Another Sundance Film Festival darling has gathered some steam and is hitting theaters right before award season. This year it is Drake Doremus’ Like Crazy. A film about young love, long distance turmoil, and the power of the British government.
I will say right off the bat that these modern anti-romantic comedy relationship films are oftentimes only as good as what you bring into the movie with you. Meaning that they can cause most audience members to become self-reflective about their own relationships and experiences. Every now and then a film can be more than that and actually deliver quality performances, unique story telling, and sometimes gut wrenching after effects (I’m looking at you Blue Valentine). Sadly, Like Crazy is not one of those films. However this does not mean it isn’t good or doesn’t work, it just isn’t as memorable.
The film mostly deals with the sparkle of young, new love, and how space and time can do so much damage to something so great. Even more specifically, the film reminds its audience of how hard it is to put something back together once it is been damaged or tested. Both Anton Yelchin and Felicity Jones are adequate as the young lovers here. Jones’ Anna is given a bit more depth and character development than Yelchin’s Jacob. However, throughout watching the film you begin to not care who they are, but rather yearn for them to be happy and together (damn those pesky student visas).
With each frame you almost want to close your eyes and remember. Whatever stake you had in someone, whatever hope lit up your chest, whatever made you feel light and drunk with the knowledge that you weren’t alone. At times it was difficult to remember to watch the movie. I kept getting caught in my own head, in my own heart, wondering where all the pieces had ended up falling. The journey of the film is important here. The ups and downs. The questions. How do we untangle ourselves from something so raw? A feeling that unhinges us? What do we do when we find it? What if we don’t? What if we think we found it and remain high off those memories for years? When does the destruction start to overtake the good?
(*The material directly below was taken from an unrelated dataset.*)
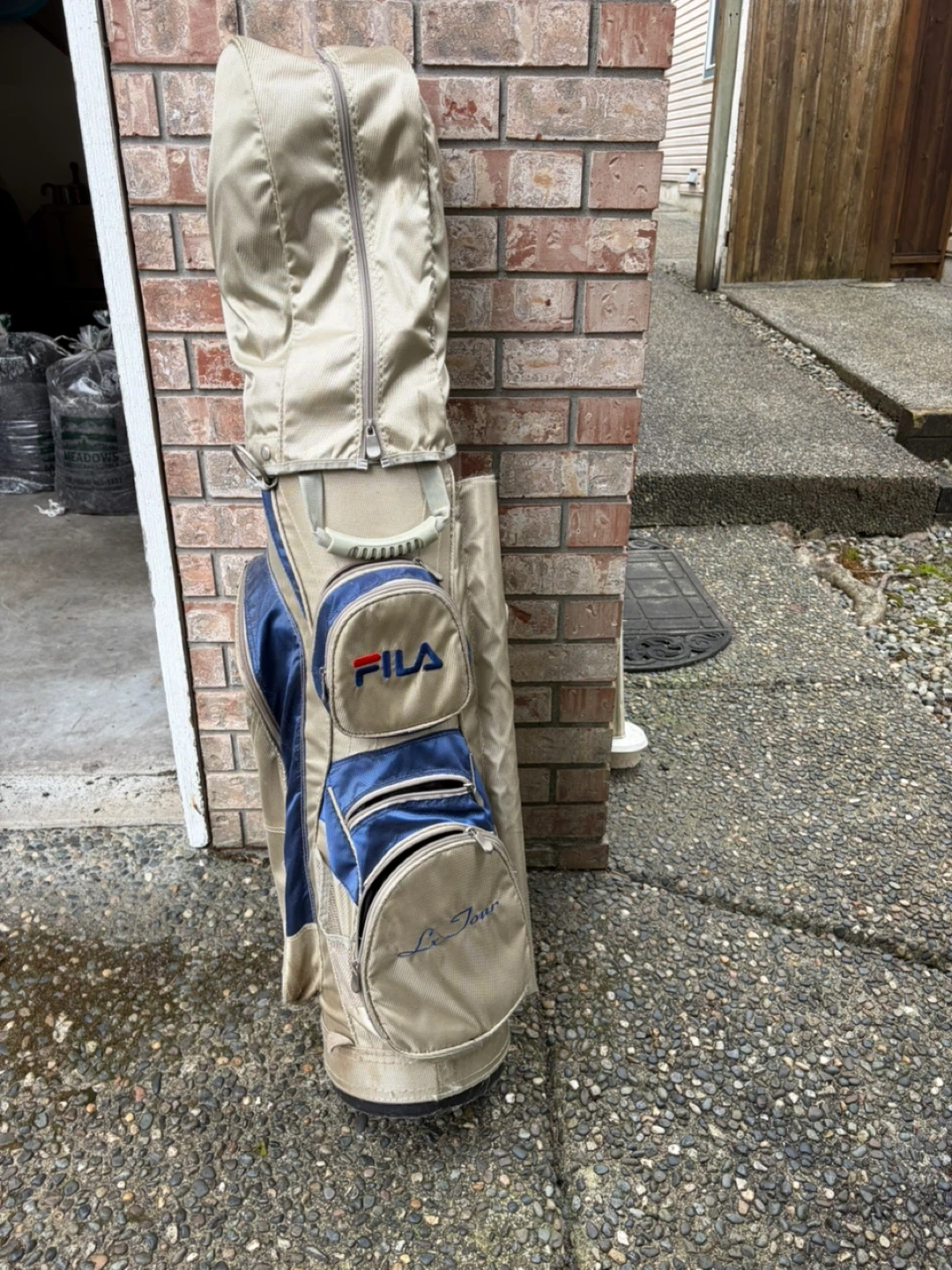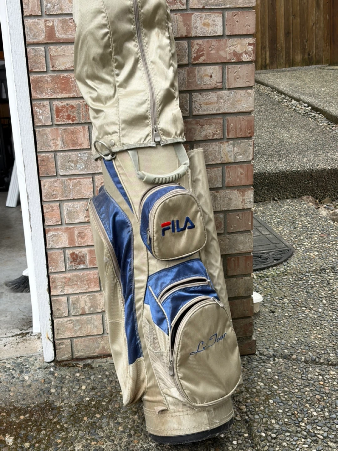 This is a beige and blue FILA clubs & golf bag. It has a full-length zipper top cover and multiple pockets for storage. The bag also features the 'Le Tour' designation.

So, although not as heavy as last year’s Blue Valentine (which honestly left me reeling for days, so much so that I didn’t even write about it), Like Crazy still made me reflect. Will it make you? I can talk about the hand held camera work, the nice presence of Jones’ parents, the love of montages Doremus seems to have or I could simply say, you will get out of this one what you bring into it. It’s a crap shoot like most relationships are. But at least after this one you will be able to eat your dinner.